Wait for thread termination in PreZygoteFork()
This should be more robust than checking /proc/self/task through the
Java API.
Bug: 299221079
Bug: 304183774
Test: Build and boot AOSP, TreeHugger
Change-Id: I6f48ee593eaea96d231e5a6ddda070eaf07468ac
diff --git a/runtime/runtime.cc b/runtime/runtime.cc
index 84b2236..37af7f3 100644
--- a/runtime/runtime.cc
+++ b/runtime/runtime.cc
@@ -746,10 +746,76 @@
+// Wait until the kernel thinks we are single-threaded again.
+static void WaitUntilSingleThreaded() {
+#if defined(__linux__)
+ // Read num_threads field from /proc/self/stat, avoiding higher-level IO libraries that may
+ // break atomicity of the read.
+ static constexpr size_t kNumTries = 1000;
+ static constexpr size_t kNumThreadsIndex = 20;
+ for (size_t tries = 0; tries < kNumTries; ++tries) {
+ static constexpr int BUF_SIZE = 500;
+ char buf[BUF_SIZE];
+ int stat_fd = open("/proc/self/stat", O_RDONLY | O_CLOEXEC);
+ CHECK(stat_fd >= 0) << strerror(errno);
+ ssize_t bytes_read = TEMP_FAILURE_RETRY(read(stat_fd, buf, BUF_SIZE));
+ CHECK(bytes_read >= 0) << strerror(errno);
+ int ret = close(stat_fd);
+ DCHECK(ret == 0) << strerror(errno);
+ ssize_t pos = 0;
+ while (pos < bytes_read && buf[pos++] != ')') {}
+ ++pos;
+ // We're now positioned at the beginning of the third field.

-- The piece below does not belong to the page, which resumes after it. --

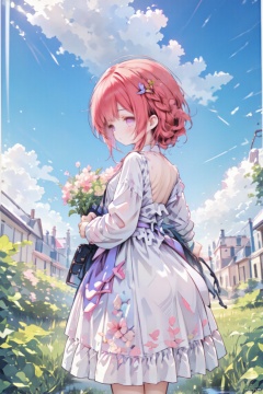 upper body,Create an image of an anime girl with bright red hair,wearing a sundress and holding a bouquet of wildflowers,standing in a field of tall grass with a soft breeze blowing through. The scene should capture the whimsical and carefree style of Sakimichan,with a sense of peace and tranquility in the air.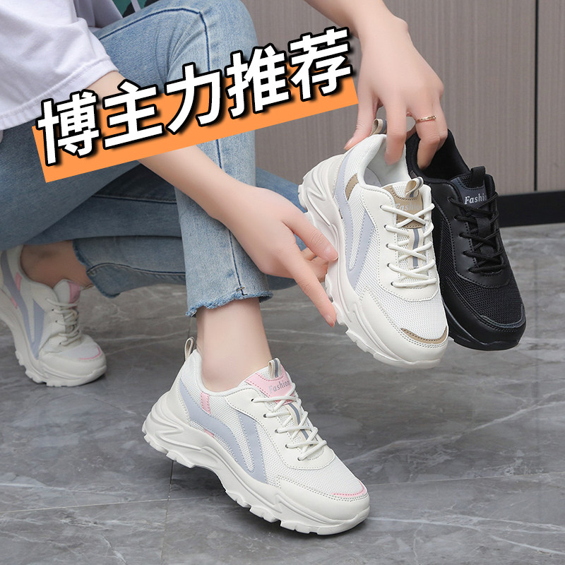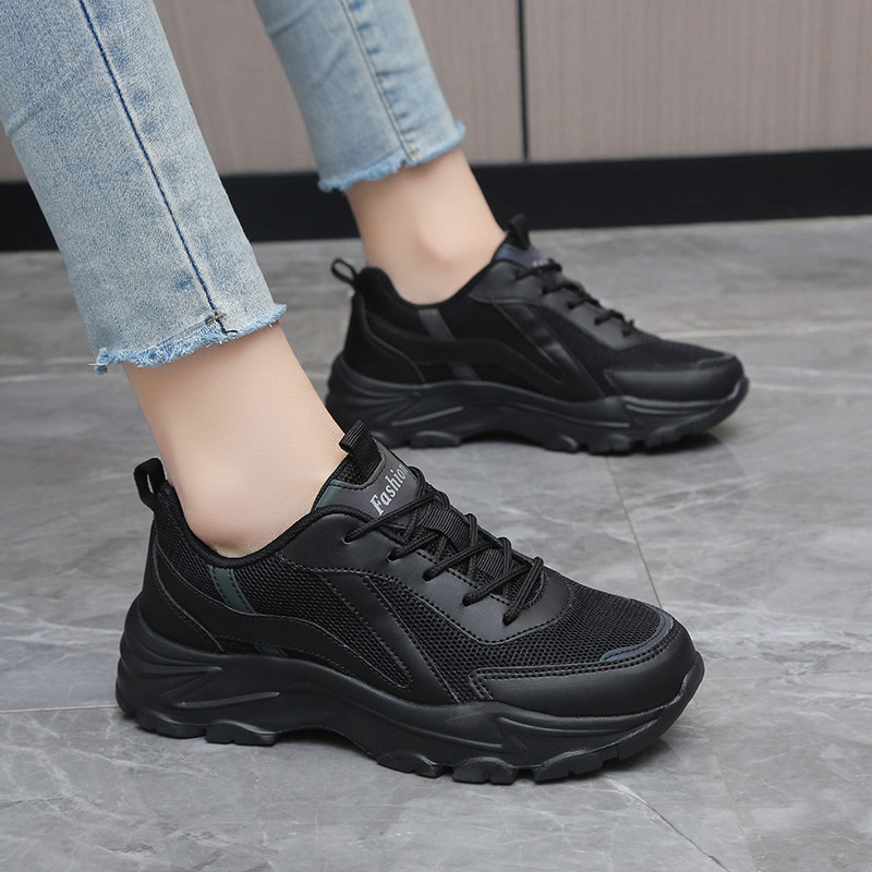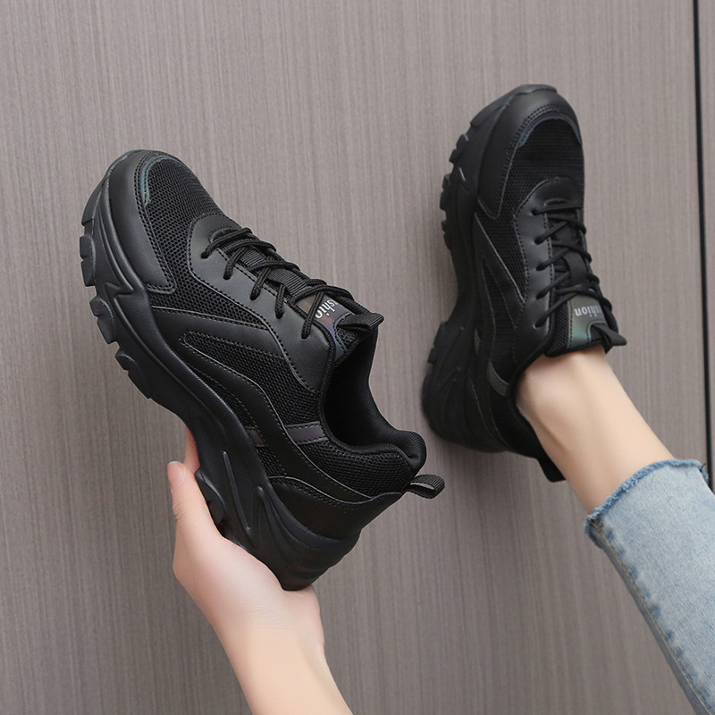 34老爹鞋 全黑色运动鞋 女小码 春 网面透气上班不累脚工作防滑鞋由

Don't count blanks embedded in
+ // second (command) field.
+ size_t blanks_seen = 2;
+ while (pos < bytes_read && blanks_seen < kNumThreadsIndex - 1) {
+ if (buf[pos++] == ' ') {
+ ++blanks_seen;
+ }
+ }
+ CHECK(pos < bytes_read - 2);
+ // pos is first character of num_threads field.
+ CHECK_EQ(buf[pos + 1], ' '); // We never have more than single-digit threads here.
+ if (buf[pos] == '1') {
+ return; // num_threads == 1; success.
+ }
+ usleep(1000);
+ }
+ LOG(FATAL) << "Failed to reach single-threaded state";
+#else // Not Linux; shouldn't matter, but this has a high probability of working slowly.
+ usleep(20'000);
void Runtime::PreZygoteFork() {
if (GetJit() != nullptr) {
+ // All other threads have already been joined, but they may not have finished
+ // removing themselves from the thread list. Wait until the other threads have completely
+ // finished, and are no longer in the thread list.

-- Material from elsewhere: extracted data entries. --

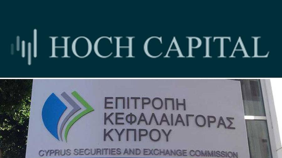 Την επιβολή διοικητικού προστίμου ύψους €30.000 στην ΚΕΠΕΥ Hoch Capital Ltd αποφάσισε το Συμβούλιο της Επιτροπής Κεφαλαιαγοράς Κύπρου σε συνεδρία του στις 20 Νοεμβρίου 2017 για μη συμμόρφωση με το άρθρο 36(1)(α) του περί Επενδυτικών Υπηρεσιών και Δραστηριοτήτων και Ρυθμιζόμενων Αγορών Νόμου του 2007 και την παράγραφο 6(2) της Οδηγίας ΟΔ 144- 2007-02 του 2012 της Επιτροπής Κεφαλαιαγοράς για την Επαγγελματική Συμπεριφορά των ΕΠΕΥ και των Απασχολούμενων σε αυτές Φυσικών Προσώπων.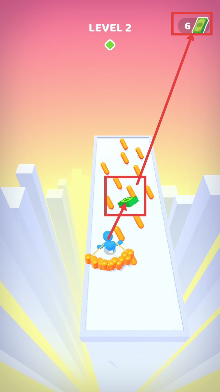 2、前进时留意路径上的绿色物品,收集它们能让右上角金币数量增加,要尽量获取这些绿色钞票。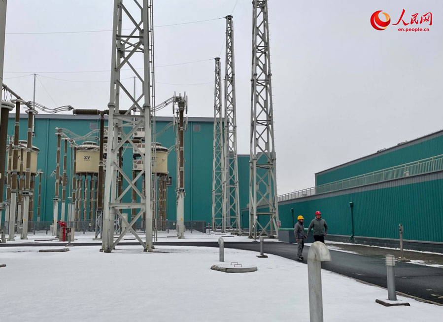 Photo taken on March 18, 2021 shows the Zhangbei flexible direct current (DC) power grid project in Zhangjiakou, north China's Hebei Province. It is the world's first DC power grid and will be able to deliver about 14 billion kilowatt-hours of clean energy per year. The project will guarantee a 100 percent green power supply for the Beijing 2022 Winter Olympic venues. (People's Daily Online/Wu Chaolan)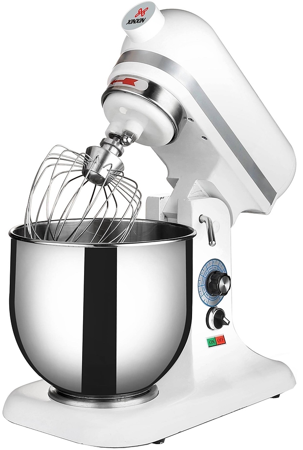 Миксер планетарный Xinxin B 7N используется на предприятиях общественного питания, торговли и пищевых производствах для замеса теста, взбивания крема, сливок, яичного белка и яиц. Модель оснащена электромеханическим управлением. Материал дежи и насадок - высококачественная нержавеющая сталь, материал корпуса - алюминиевый сплав, материал крышки - пластик.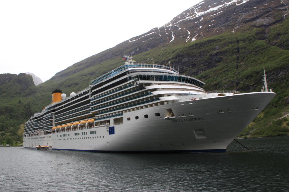 Als wir in Geiranger ankommen, werden wir von der MS Astor und der Costa Luminosa empfangen. Die Astor ist rund 176 m, die Costa Luminosa 294 m und unsere FINNMARKEN 139 m lang.

+ // TODO: Since the threads Unregister() themselves before exiting, the first wait should be
+ // unnecessary. But since we're reading from a /proc entry that's concurrently changing, for
+ // now we play this as safe as possible.
+ ThreadList* tl = GetThreadList();
+ {
+ MutexLock mu(nullptr, *Locks::thread_list_lock_);
+ tl->WaitForUnregisterToComplete();
+ if (kIsDebugBuild) {
+ auto list = tl->GetList();
+ if (list.size() != 1) {
+ for (Thread* t : list) {
+ std::string name;
+ t->GetThreadName(name);
+ LOG(ERROR) << "Remaining pre-fork thread: " << name;
+ }
+ }
+ }
+ CHECK_EQ(tl->Size(), 1u);
+ // And then wait until the kernel thinks the threads are gone.

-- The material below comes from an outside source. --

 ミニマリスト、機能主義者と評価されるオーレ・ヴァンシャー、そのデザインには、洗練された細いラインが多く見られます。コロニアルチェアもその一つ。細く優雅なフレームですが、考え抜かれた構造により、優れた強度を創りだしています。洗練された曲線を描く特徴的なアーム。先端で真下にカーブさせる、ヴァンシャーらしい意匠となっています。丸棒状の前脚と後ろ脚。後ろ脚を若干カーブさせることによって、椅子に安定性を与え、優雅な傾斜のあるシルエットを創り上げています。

+ WaitUntilSingleThreaded();
+ }
if (!heap_->HasZygoteSpace()) {
Thread* self = Thread::Current();
// This is the first fork. Update ArtMethods in the boot classpath now to
diff --git a/runtime/thread_list.cc b/runtime/thread_list.cc
index 5c71324..59e1a85 100644
--- a/runtime/thread_list.cc
+++ b/runtime/thread_list.cc
@@ -1409,6 +1409,14 @@
+void ThreadList::WaitForUnregisterToComplete() {
+ // We hold thread_list_lock_ .
+ while (unregistering_count_ != 0) {
+ LOG(WARNING) << "Waiting for a thread to finish unregistering";
+ Locks::thread_exit_cond_->Wait(Thread::Current());
+ }
void ThreadList::VisitRootsForSuspendedThreads(RootVisitor* visitor) {
Thread* const self = Thread::Current();
std::vector<Thread*> threads_to_visit;
diff --git a/runtime/thread_list.h b/runtime/thread_list.h
index 51fac4a..8e9304a 100644
--- a/runtime/thread_list.h
+++ b/runtime/thread_list.h
@@ -158,6 +158,10 @@
+ // Wait until there are no Unregister() requests in flight. Only makes sense when we know that
+ // no new calls can be made. e.g. because we're the last thread.
+ void WaitForUnregisterToComplete() REQUIRES(Locks::thread_list_lock_);
void VisitRoots(RootVisitor* visitor, VisitRootFlags flags) const
@@ -175,6 +179,8 @@
return list_;
+ size_t Size() REQUIRES(Locks::thread_list_lock_) { return list_.size(); }
void DumpNativeStacks(std::ostream& os)